We do not know how long humans have been talking. Some think it was related to the sudden spread of humankind all over the world, and the appearance of advanced weapons and art. In old books this is often described as happening as late as 40 000 years ago. This date has been pushed backward with ever new discoveries, which imply that African humans were universally making elaborate weapons and tools at least 65 000 years ago, and there are signs of elaborate tools in some places much earlier. In other places in Africa there are signs of trade (tools made from stone that only exists far away) and symbolic art. Then again, it seems that Neanderthals also had simple art, cared for sick family members, and even sometimes buried them with flowers. This implies symbolic thinking, which is usually associated with speech.

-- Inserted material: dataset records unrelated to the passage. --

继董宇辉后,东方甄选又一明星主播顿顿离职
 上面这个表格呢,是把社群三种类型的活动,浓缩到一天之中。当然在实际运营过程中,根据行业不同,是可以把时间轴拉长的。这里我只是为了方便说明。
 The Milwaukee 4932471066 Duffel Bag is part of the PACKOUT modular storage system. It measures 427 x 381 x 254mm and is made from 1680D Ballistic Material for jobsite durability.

Recent reconstructions of Neanderthal throat and head show that they were physically capable of speech, although not with the same sounds that we use, and they would sound strange to us. The common ancestor of Neanderthals and modern humans lived half a million years ago, probably a couple hundred thousand years longer than that again. This is attested not only by the fossil record but also the genome, which has been sequenced. If the common ancestor of Neanderthals and African humans was capable of some degree of speech, maybe that was not the magic ingredient after all. Perhaps our ancestors knew how to speak, but only spoke about boring things for hundreds of thousands of years. “Groo kill deer.” “Groo eat now.” “Groo want mate.” Half a million years of Facebook posts, until Heaven had mercy and let creativity descend on humankind.

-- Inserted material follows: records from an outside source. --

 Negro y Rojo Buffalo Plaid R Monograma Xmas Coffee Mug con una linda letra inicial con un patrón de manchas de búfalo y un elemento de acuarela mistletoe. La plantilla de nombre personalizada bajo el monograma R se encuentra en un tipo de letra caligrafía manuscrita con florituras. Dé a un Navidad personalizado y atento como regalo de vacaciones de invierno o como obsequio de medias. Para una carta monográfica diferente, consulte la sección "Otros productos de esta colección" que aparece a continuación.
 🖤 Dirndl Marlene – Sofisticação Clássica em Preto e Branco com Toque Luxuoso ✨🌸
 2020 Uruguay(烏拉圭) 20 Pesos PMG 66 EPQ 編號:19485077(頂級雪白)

Be that as it may, advanced speech made grandparents very valuable. Even when you were too brittle to hunt down animals, you still knew where they lived and what they did, because you had decades of hunting experience. You could tell the grandkids all about it so the first time they set out to hunt, they knew exactly what to expect. You could also tell them where to find edible plants, and not least how to avoid the poisonous ones. Suddenly a long childhood wasn’t such a terrible waste of time, because the elders of the tribe basically functioned as a school and a library, teaching you everything you needed to know and a lot you didn’t.

Humans are not entirely unique in having grandparents live to an old age, but it is pretty rare. Elephants have them too, but they tend to stay strong and healthy longer and lead the family. (Elephant blood was recently found to contain some kind of chemical that can overcome infections that antibiotics can’t. Hopefully we will find out what it is before the last of them is killed by poachers.) But the rule of thumb is that parents die pretty soon after they are no longer needed for their own children. Fish and squids basically give up on life once their eggs are hatched, if not before. Mammals need to be around a while to provide milk and protect their young, but that’s it: Menopause is quickly followed by death. Humans, on the other side, live a lot longer, often enough to see their grandchildren grow up unless some unfortunate event occurs. This makes perfect sense given their role as teachers. Only when dementia sets in do they wander off in the night and die in the snow or get lost in the jungle.

***

I don’t know the family structure of Neanderthals, but recent research does not really support the theory that autism comes from Neanderthal genes. It is a bit early to say, but autism seems to be common enough among African-Americans. Admittedly slave owners tended to take sexual liberties with their women slaves, so Neanderthal genes could have come in that way, but there should still be noticeably less of them. It is hard to say how common autism is in African countries, because very few black African countries have enough health care resources to deal with more than the most acute threats to life and limb. This is improving rapidly in the most peaceful countries, though, so we might soon find out how the status is with autism in Africa.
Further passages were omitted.